Time series of anomalies (°C) for daily minimum temperatures in December 2013 (a) and for daily maximum temperatures in August 2014 (b) at Yerevan-Arabkir station. The spatial distribution of monthly minimum temperature anomalies for December 2013 (c) and for monthly maximum temperature anomalies for August 2014 (d) in Armenia (temperature observations from 36 meteorological stations presented in Fig. 1 were used). Temperature anomalies were estimated relative to normal values for period 1961–1990

August of 2014 was ranked the second warmest in Armenia since 1961 (with a monthly temperature anomaly of 3.5 °C). However, Yerevan and southwestern low elevated parts of Armenia experienced prolonged series of hot days. Since the 16th till the 31st of August, maximum temperatures in Yerevan exceeded 36 °C with positive anomalies higher than 4 °C and reaching up to 7–10 °C for several days (Fig. 4b). Figure 4d shows that most part of Armenia experienced significant positive temperature anomalies in August of 2014 exceeding 3 °C. Monthly temperature anomalies at several stations reached as high as 4–6 °C.

Validation of historical climate

Model confidence is usually based on the evaluation of their performance at reproducing observed features of current climate. In this section, we evaluate the ability of the CCSM4 model to reproduce the historical climate over Armenia in terms of temperature representation.
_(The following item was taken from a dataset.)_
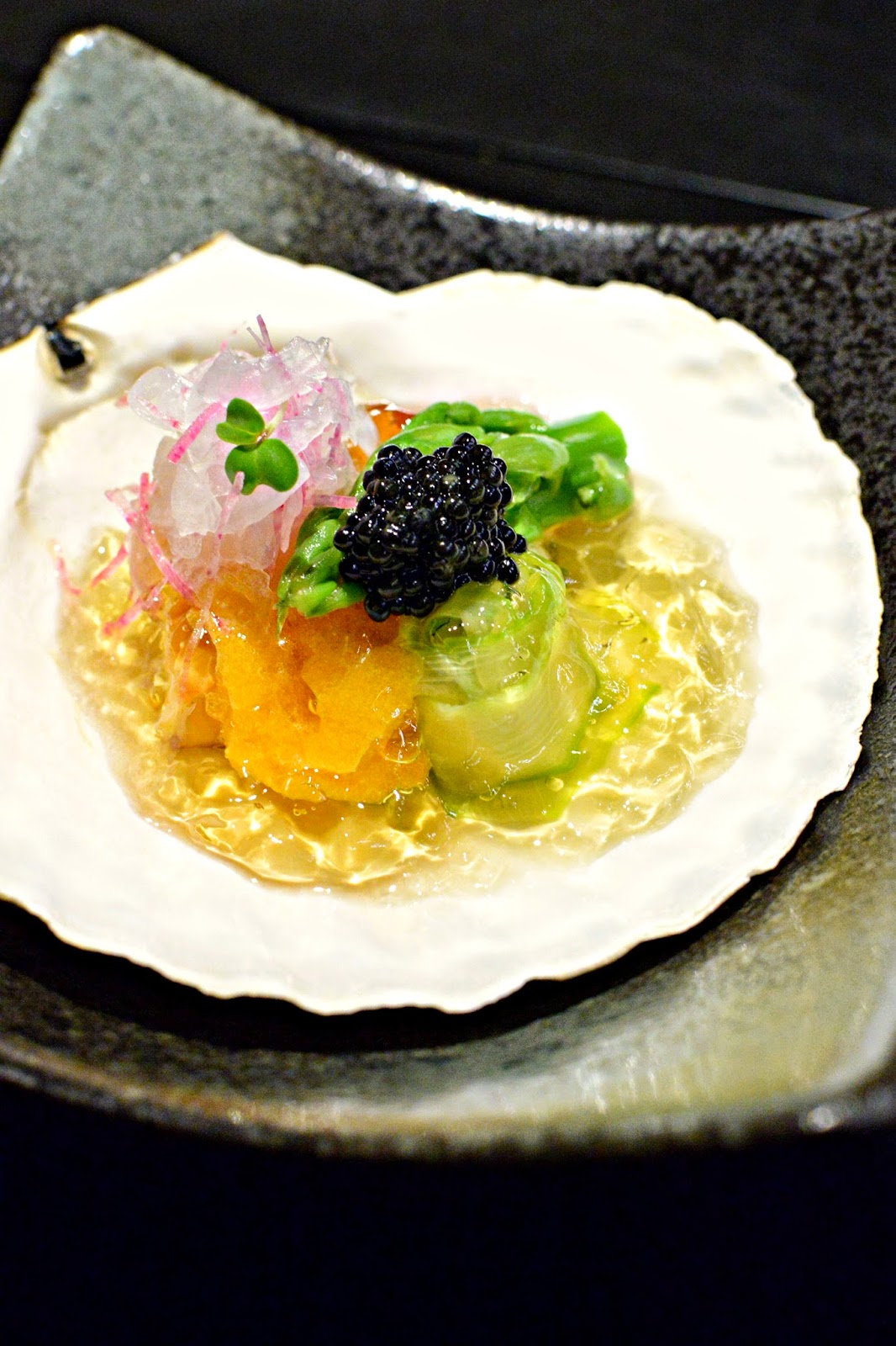 在灣仔的高級日本餐廳吟彩Gin Sai,繼上月推出櫻花餐單後,今個月就推出夏日海鮮餐單,選用多款時令海鮮,造出各道美味菜式。前菜先有Smoked Scallop,Caviar,Asparagus with Egg Yolk Vinegar & Dashi Jelly,帶子煙燻味道很濃,肉質嫩而不韌,跟上魚子醬及爽脆的露筍,淋上蛋黃醋及啫喱,酸酸的,感覺清新開胃。

Seasonal and annual temperatures are constructed in Armenia for the historical period 1961–1990 derived from the observed data and the CCSM4 data (Fig. 2).
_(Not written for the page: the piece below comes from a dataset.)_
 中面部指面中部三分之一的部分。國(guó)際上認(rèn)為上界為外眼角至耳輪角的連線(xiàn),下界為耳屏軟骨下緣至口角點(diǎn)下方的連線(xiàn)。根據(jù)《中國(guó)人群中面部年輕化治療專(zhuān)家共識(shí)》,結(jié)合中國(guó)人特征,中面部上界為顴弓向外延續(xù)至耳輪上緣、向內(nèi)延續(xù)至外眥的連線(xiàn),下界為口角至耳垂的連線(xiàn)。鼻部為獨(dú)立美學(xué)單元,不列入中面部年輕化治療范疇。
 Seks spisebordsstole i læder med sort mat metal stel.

In order to evaluate the accuracy of the CCSM4 in describing the mean annual cycle of temperature in Armenia, we compared mean seasonal observed and CCSM4 temperatures in Armenia over 1961–1990 (the thicker lines in Fig. 5). Furthermore, the confidence intervals estimated by Eq. (1) are presented in Fig. 5 as a proxy for interannual variability in mean seasonal and annual observed and CCSM4 temperatures. It can be seen from Fig. 5 that both observed and the CCSM4 data show strong annual cycle of temperature in Armenia. The latter is one of the main climatic features over the study region since the study region is located in mid-latitudes and characterized by strong annual variation of the atmospheric circulation. Armenia is influenced by tropical, polar and arctic (rarely) air masses which can be of both continental and maritime origins modified by continental influence (Gevorgyan 2013). The maximum observed temperature in summer exceeds 17 °C, while the minimum temperature in winter is as low as −3.7 °C (Fig. 5). Spring and autumn are transitional seasons with mean observed temperatures 6.5 and 8.9 °C, respectively, and the mean annual temperature for Armenia is 7.3 °C. Although the CCSM4 model captures the annual cycle of temperature in Armenia successfully, there is significant warm bias between the CCSM4 and observed mean temperatures in summer. The CCSM4 overestimates mean summer temperature over Armenia by 1.9 °C. Mean temperatures from the CCSM4 data for the other seasons are in better agreement with observations, with a slight positive bias in winter (0.7 °C), negative biases in spring (−0.2 °C) and autumn (−0.7 °C) and a slight positive bias in annual temperature (0.2 °C).
Fig. 5

Mean seasonal and annual temperatures (the thicker lines) and the confidence intervals around the mean temperatures (°C) in Armenia for 1961–1990 derived from observed data (Obs) and CCSM4 data. Winter (DJF) is indicated with blue, spring (MAM) is indicated with green, summer (JJA) is indicated with red, autumn (SON) is indicated with yellow, annual temperature is indicated with grey

The observed data show the largest variability of temperature during winter (Fig. 5) with the temperature range around the observed mean equaling ±4.3 °C, while CCSM4-simulated temperature range is about 70 % of the observed one (±3.0 °C). The increased interannual variations in winter temperatures in Armenia are due to the great variability in atmospheric circulation regime during winter in the mid and high latitudes of the Northern Hemisphere (Sporyshev and Govorkova 2013). However, the CCSM4 historical data still show maximum variability of temperature during winter for 1961–1990. On the other hand, the CCSM4 model overestimates the temperature range for spring (±2.5 °C) relative to the observed one (±1.8 °C). The estimated confidence intervals of temperature derived from the observed and the CCSM4 model are in better agreement for summer and autumn, with the observed temperature range ±1.5 and ±1.7 °C, respectively, and with CCSM4 temperature range equalling ±1.9 °C for both of the seasons. Finally, the estimated ranges of annual temperature from observed data and the CCSM4 model consist of ±1.6 and ±1.3 °C, respectively.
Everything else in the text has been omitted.